This package supports metabolite identifier translation:
using R
Installation
install_github("dgrapov/CTSgetR")
Make sure CTS API is available
library(CTSgetR)
GET('https://cts.fiehnlab.ucdavis.edu/services') %>%
http_status(.) %>%
{if( .$category != 'Success'){stop('Oops looks like https://cts.fiehnlab.ucdavis.edu/services is down!') }}
View some of the possible translation options between > 200 databases
trans<-unlist(valid_from())
head(trans,10)
## [1] "BioCyc" "CAS"
## [3] "ChEBI" "Chemical Name"
## [5] "Human Metabolome Database" "InChIKey"
## [7] "KEGG" "LMSD"
## [9] "LipidMAPS" "PubChem CID"
Find a database of interest
want<-'CID'
trans[grepl(want,trans,ignore.case=TRUE)]
## [1] "PubChem CID"
Initialize a local database to speed up routine queries
db_name<-'ctsgetr.sqlite'
init_CTSgetR_db(db_name)
db_stats()
Translation examples
Chemical Name to InChIKey
db_name<-'ctsgetr.sqlite' # local cache
id<-c("alanine",'lactic acid')
from<-"Chemical Name"
to<-"InChIKey"
CTSgetR(id,from,to,db_name=db_name)
## id InChIKey
## 1 alanine QNAYBMKLOCPYGJ-REOHCLBHSA-N
## 2 lactic acid JVTAAEKCZFNVCJ-UHFFFAOYSA-N
One identifier to many
The example below shows the alternative data.frame input format for more complex queries.
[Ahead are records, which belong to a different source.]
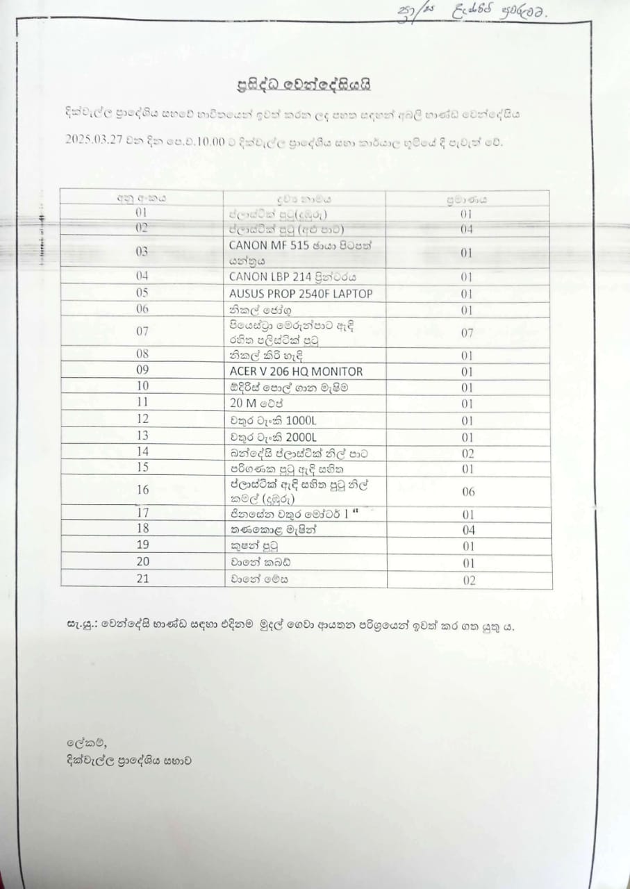 • வீதி எல்லைக்கோடு விண்ணப்ப படிவங்களை பெற்றுக்கொள்ளல்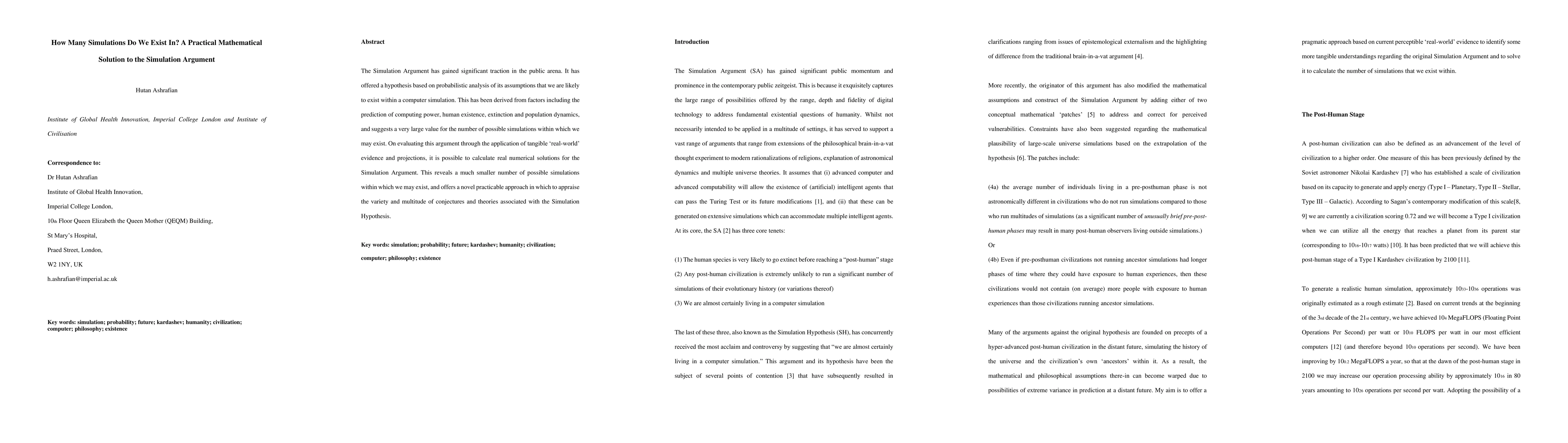 The Simulation Argument has gained significant traction in the public arena. It has offered a hypothesis based on probabilistic analysis of its assumptions that we are likely to exist within a computer simulation. This has been derived from factors including the prediction of computing power, human existence, extinction and population dynamics, and suggests a very large value for the number of possible simulations within which we may exist. On evaluating this argument through the application of tangible real-world evidence and projections, it is possible to calculate real numerical solutions for the Simulation Argument. This reveals a much smaller number of possible simulations within which we may exist, and offers a novel practicable approach in which to appraise the variety and multitude of conjectures and theories associated with the Simulation Hypothesis.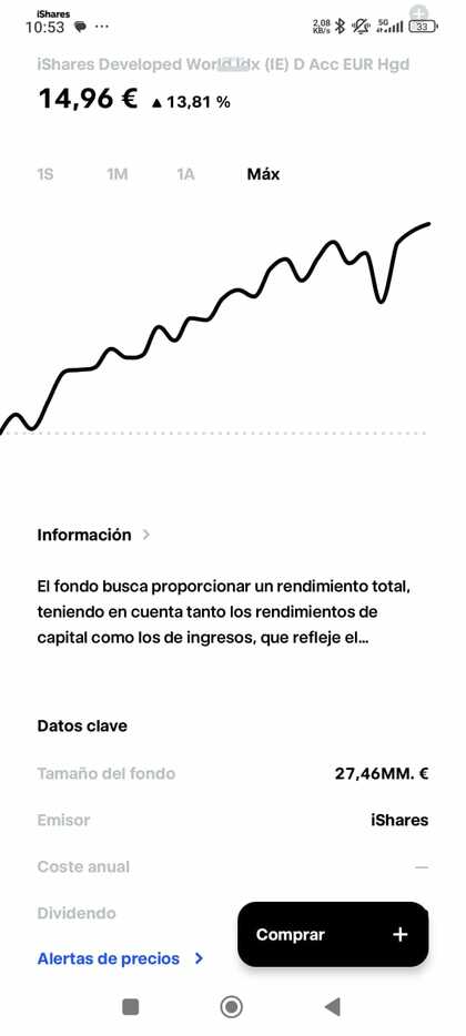 Lo que debes vigilar: de nuevo, al estar ligado al MSCI World, tu cartera queda muy expuesta a Estados Unidos y a los grandes pesos pesados del índice (tecnología, salud, consumo, etc.). Además, como producto 100 % renta variable, puede sufrir caídas significativas en periodos de crisis o recesión. No es un fondo para entrar y salir en pocos meses, sino para un horizonte de varios años, idealmente combinado con una asignación de riesgo que se adapte a tu perfil (más o menos peso en renta fija, liquidez, etc.).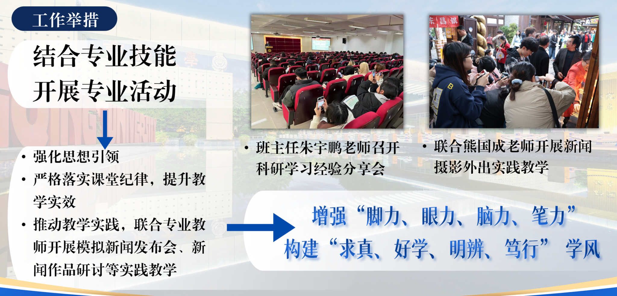 新闻是时代的日记,新闻人永远在路上。2023级新闻学2班深刻理解“知行合一”的内涵,将课堂延伸到社会广阔的天地中,在实践里淬炼新闻工作者的“脚力、眼力、脑力、笔力”。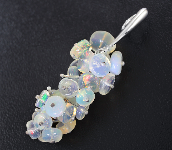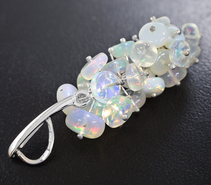 Вашему вниманию предлагается кулон из белого золота 585 пробы с кристаллическими эфиопскими опалами! Основные цвета опалесценции: красный, желтый и зеленый. Диаметр вставок от 4 мм до 7 мм. Размеры кулона с петлей 43 х 13 мм. Вес изделия 3,7 г.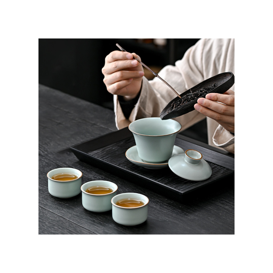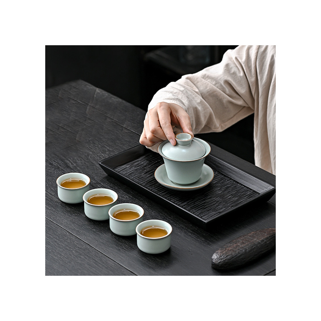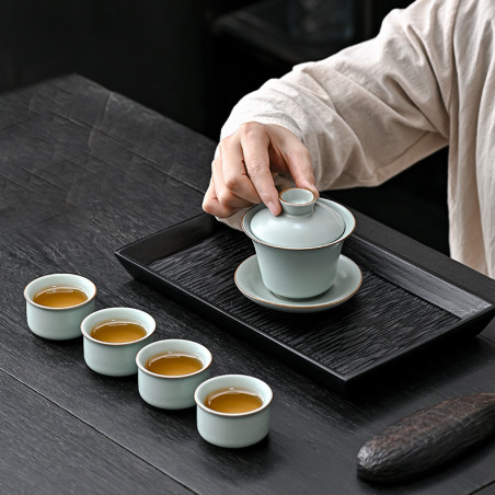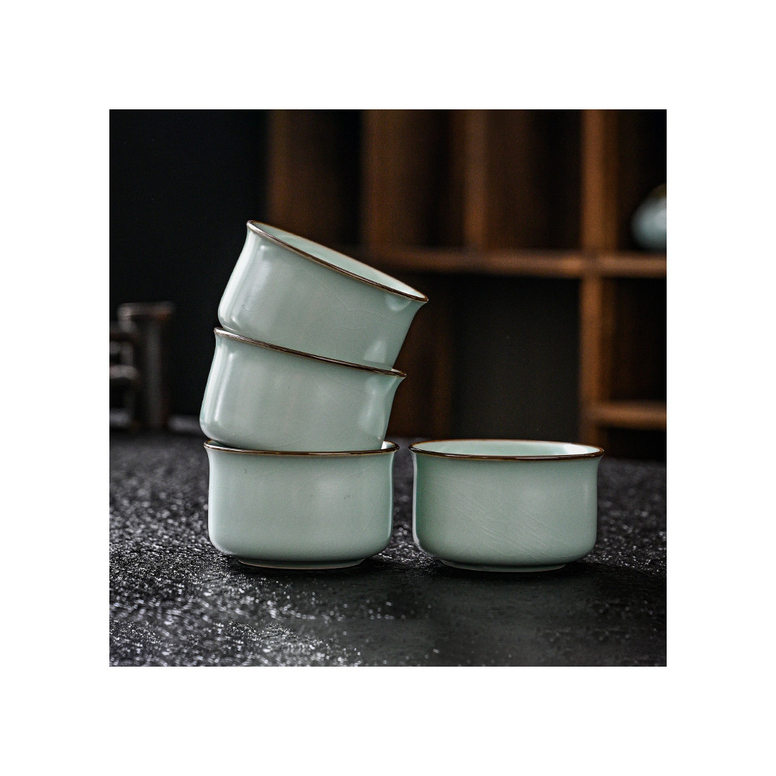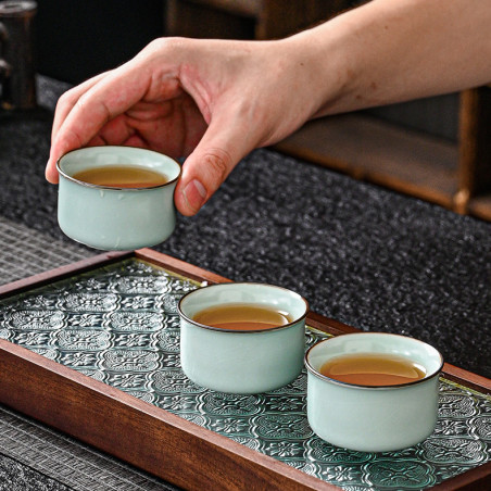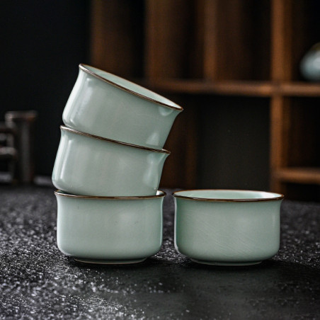Чаші з товстостінної кераміки жуяо сіро-блакитного кольору. Виготовлено традиційно: глибокий матовий колір, коричневі борти, проглядається "крокелюр", який з часом (від контакту з чаєм) промальовується і стане явним.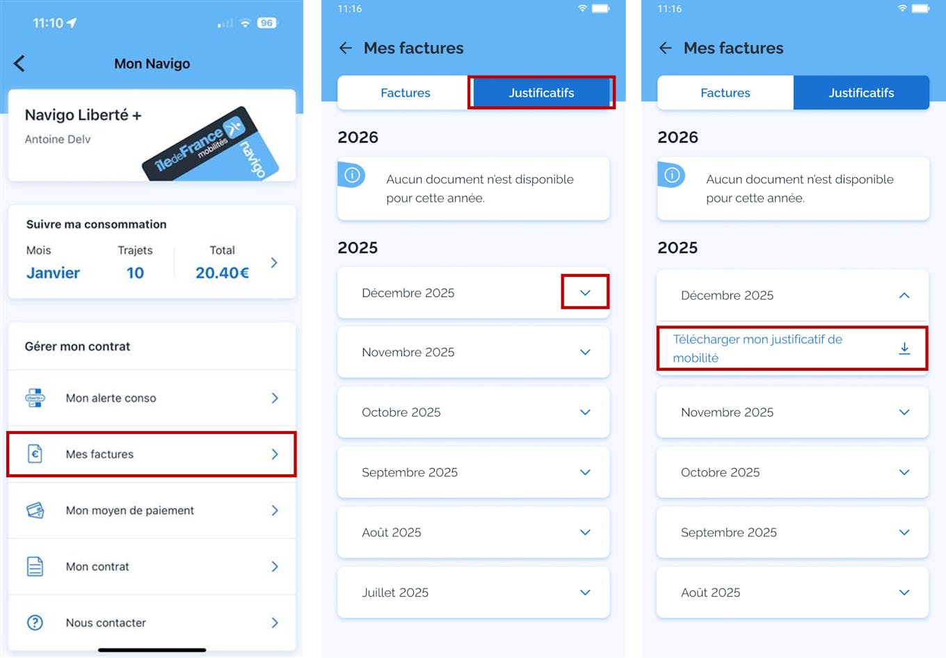 Um Navigo Liberté + comprovante de mobilidade está disponível para você todo mês (no máximo até o dia 11 do mês seguinte às viagens realizadas) no seu espaço pessoal, no aplicativo móvel Île-de-France Mobilités, na seção "Minhas faturas", na aba "Comprovação".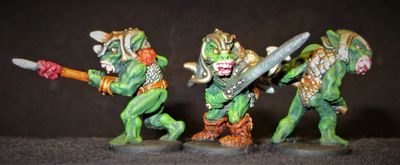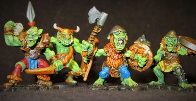 Despite living in large communities, goblins are highly chaotic creatures, which one must suspect leads to a lively social life. Goblin mobs are highly volatile, they are aggressive and will readily attack almost anything, yet they can be intimidated by an equally aggressive display of power. Goblins are quick to follow anything that looks stronger or more powerful than themselves, and they will equally turn on anything in an instant if they thing they have the numbers to overcome it.
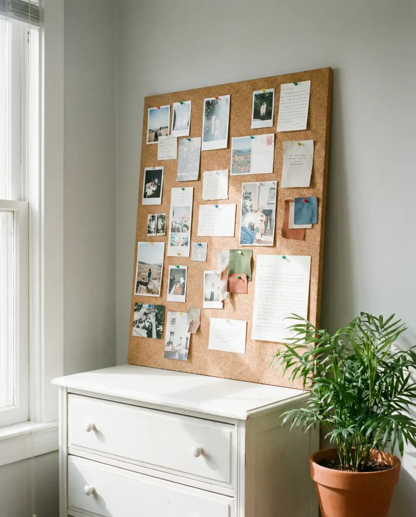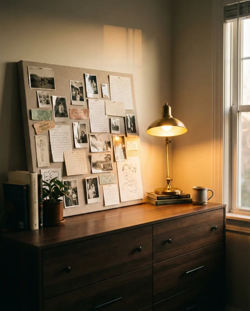 Expert-style commentary: vision boards have been scientifically shown to improve goal achievement and motivation when placed in high-visibility areas you see daily. Your dresser is prime real estate for this—you pass it every morning and night, reinforcing the images and intentions you’ve curated. It’s part decor, part life coaching tool, and it’s one of the few styling choices that actively serves your personal growth alongside aesthetics.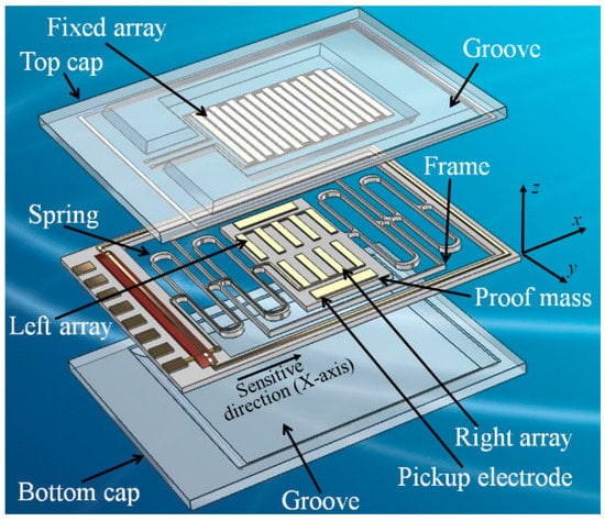 8. Chae, J.; Kulah, H.; Najafi, K. An in-plane high-sensitivity, low-noise micro-g silicon accelerometer with CMOS readout circuitry. J. Microelectromech. Syst. 2004, 13, 628–635. [Google Scholar] [CrossRef]

id<-c("alanine",'lactic acid')
from<-"Chemical Name"
to<- c( "PubChem CID", "KEGG","Human Metabolome Database")
CTSgetR(id,from,to,db_name=db_name)
## id Human Metabolome Database KEGG PubChem CID
## 1 alanine HMDB0000161 C00041 5950
## 2 lactic acid HMDB0144295 C01432 19789253
Many identifiers to one
Build up complex queries by combining data frames of id, from to to values.
#from many to many
args <-structure(list(id = structure(c(1L, 2L, 3L, 1L, 2L, 3L, 1L, 2L,
3L, 4L, 4L), .Label = c("alanine", "foo", "lactic acid", "HMDB0000161"
), class = "factor"), from = structure(c(1L, 1L, 1L, 1L, 1L,
1L, 1L, 1L, 1L, 2L, 2L), .Label = c("Chemical Name", "Human Metabolome Database"
), class = "factor"), to = structure(c(1L, 1L, 1L, 2L, 2L, 2L,
3L, 3L, 3L, 2L, 1L), .Label = c("PubChem CID", "KEGG", "Human Metabolome Database"
), class = "factor")), class = "data.frame", row.names = c(NA,
-11L))
args
## id from to
## 1 alanine Chemical Name PubChem CID
## 2 foo Chemical Name PubChem CID
## 3 lactic acid Chemical Name PubChem CID
## 4 alanine Chemical Name KEGG
## 5 foo Chemical Name KEGG
## 6 lactic acid Chemical Name KEGG
## 7 alanine Chemical Name Human Metabolome Database
## 8 foo Chemical Name Human Metabolome Database
## 9 lactic acid Chemical Name Human Metabolome Database
## 10 HMDB0000161 Human Metabolome Database KEGG
## 11 HMDB0000161 Human Metabolome Database PubChem CID
args %>%
split(.,.$from) %>%
map(~CTSgetR(.$id,.$from,.$to,db_name=db_name)) %>%
bind_rows(.)
## id Human Metabolome Database KEGG PubChem CID
## 1 alanine HMDB0000161 C00041 5950
## 2 foo <NA> <NA> <NA>
## 3 lactic acid HMDB0144295 C01432 19789253
## 4 HMDB0000161 <NA> C00041 5950
Deploy
CTSgetRas adockerizedAPI
The following docker image and docker-compose commands can be used to build and run the CTSgetR package as an opencpu based API.
-
CTSgetR image
-
ocpuclient: client library for accessign
CTSgetRAPI
The CTSgetR image contains an opencpu and Rstudio server
-
localhost/ocpu/: opencpu-server -
localhost/rstudio/: rstudio server (use user: opencpu and password:)
Build docker image
build
export rstudio_pass=mypassword # rstudio server password for user opencpu
docker-compose -f docker-compose.yml build --force-rm
Launch API
#mount to persist internal sqlite DB between updates
export ctsgetr_db_mount=<local path to save database e.g. /mypath>
docker-compose -f docker-compose.yml up -d
Test API endpoints
bash
curl http://localhost/ocpu/library/CTSgetR/R/heartbeat
R
heartbeat
library(ocpuclient)
base_url<-'http://localhost/ocpu/'
endpoint<-'library/CTSgetR/R/heartbeat'
url<-paste0(base_url,endpoint)
post_ocpu(url=url)
translation
#translate
endpoint<-'library/CTSgetR/R/CTSgetR'
url<-paste0(base_url,endpoint)
id <-
c("C15973",
"C00026")
from <- "KEGG"
to <- "PubChem CID"
body<-list(id=id,from=from,to=to,db_name=db_name)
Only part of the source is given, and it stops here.